Hhabaid’s carriage drove within the palace. Here she checked their career by use of the net and bits, and ordered her attendants by gesture to veil the team of fry and stable them. She then conducted Zhirem to a vast chamber without a ceiling. All about, gold pipes sent up into the water a constant stream of perfumed dye of several colors, which subtly patterned and scented the sea inside the room. Near the room’s farther end was an enormous closed crystal tank mounted on four bronze turtles. In this tank Zhirem was amazed to see birds flying about among the flowers and foliage of dry land. A bubbling at the tank’s four corners and a hissing in and out at the mouths of the bronze turtles, gave some idea of an apparatus for drawing air from water—even as his own lungs and the lungs of his hostess-captor were doing. He assumed the closed tank to be filled with the gases of earth, and that the birds flew there as, in a room in the world above, fish might swim in a pool.
The king entered, Hhabhezur.
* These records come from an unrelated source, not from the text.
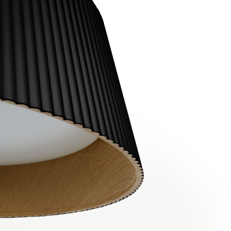 Esta luminaria de techo, disponible en acabados blanco o negro, presenta un diseño único que combina el policarbonato con un interior en tono madera y un difusor central de policarbonato.
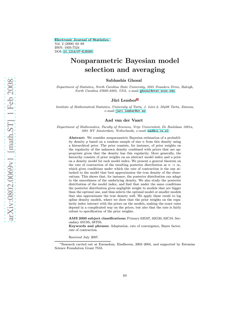 Nonparametric Bayesian model selection and averaging
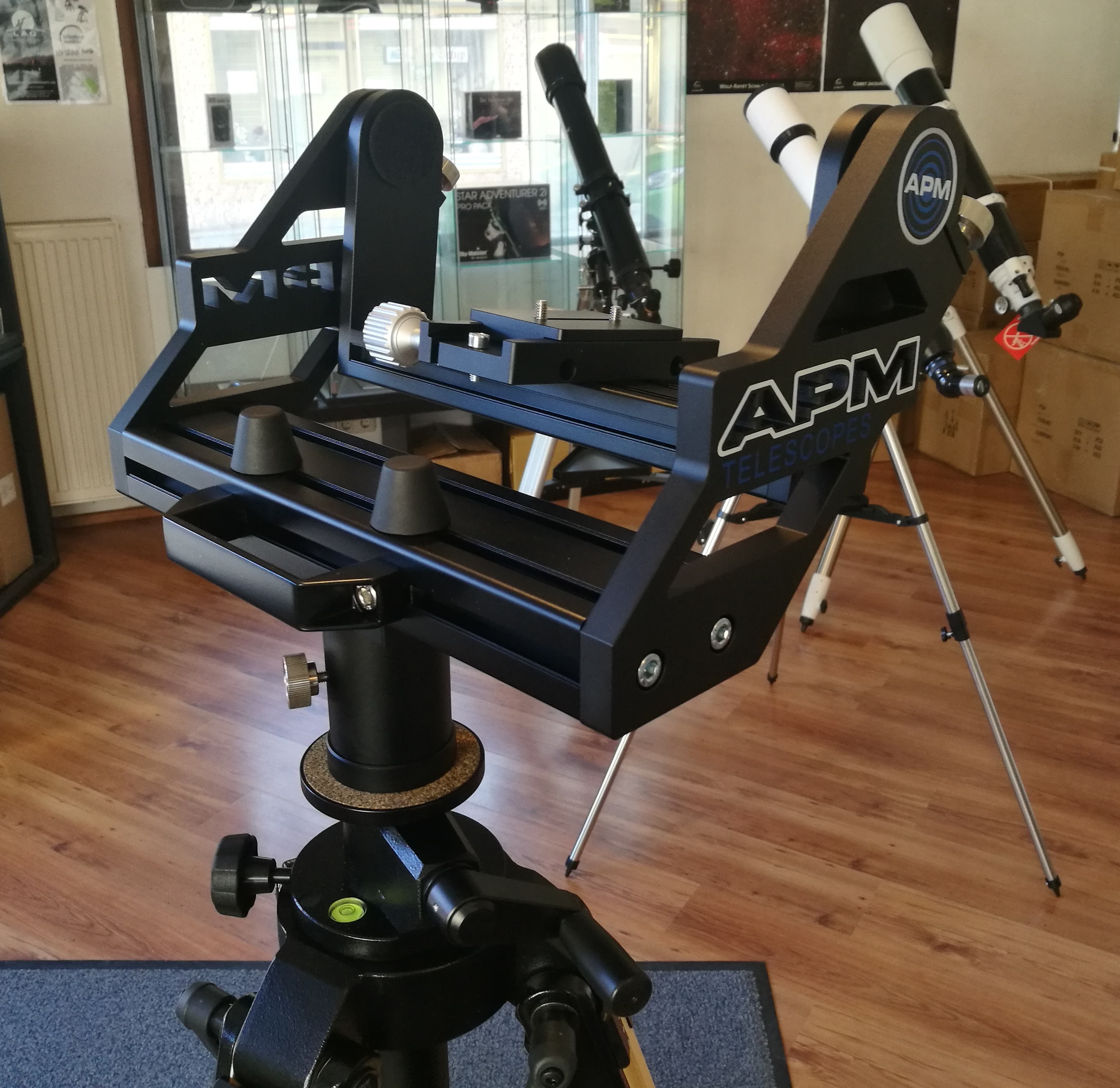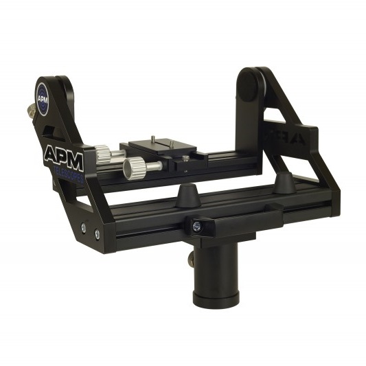 Die APM Gabelmontierung ist das Resultat intensiver praktischer Anwendung. Die optimalen, weichen Nachführbewegungen bei gleichzeitiger Schwingungsarmut gepaart mit hoher Tragfähigkeit sind unübertroffen. Durch die besondere Gabelform ermöglicht die APM Gabelmontierung freie Schwenks bis in den Zenit. Damit ist sie sowohl für die Astronomie als auch für die Naturbeobachtung perfekt geeignet.
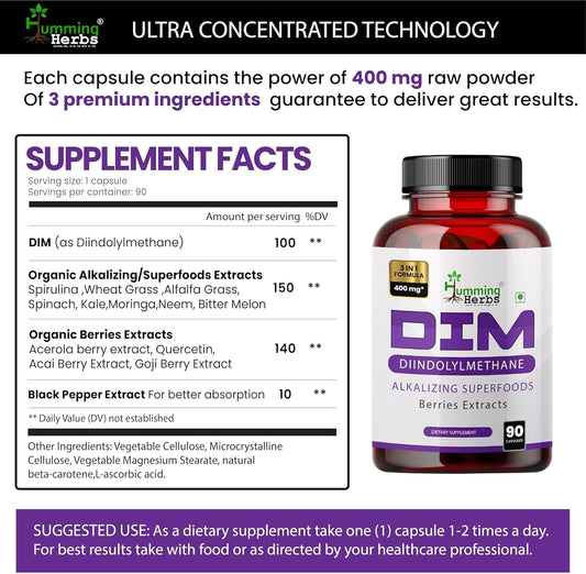Organic Humming Herbs DIM Supplement with Spirulina, Berries, and Black Pepper Extract - 90 Capsules

He was another proof that, though they preyed upon men, his people were humanly descended, for he showed signs of age, and his wickedness was drawn in lines about his mouth. For coloring he was not exactly of his daughter’s shade but swarthier, and his hair blue-sable, and all of him weighted with his stolen gold and his robes thick with it. Courtiers followed him, blue-haired and blue-eyed they were, and two or three brought their hunting dogs with them, slim blue swordfish on leashes.
Hhabaid spoke to her father in the tongue of Sabhel. That she had sent word before her of the mysterious stranger was obvious.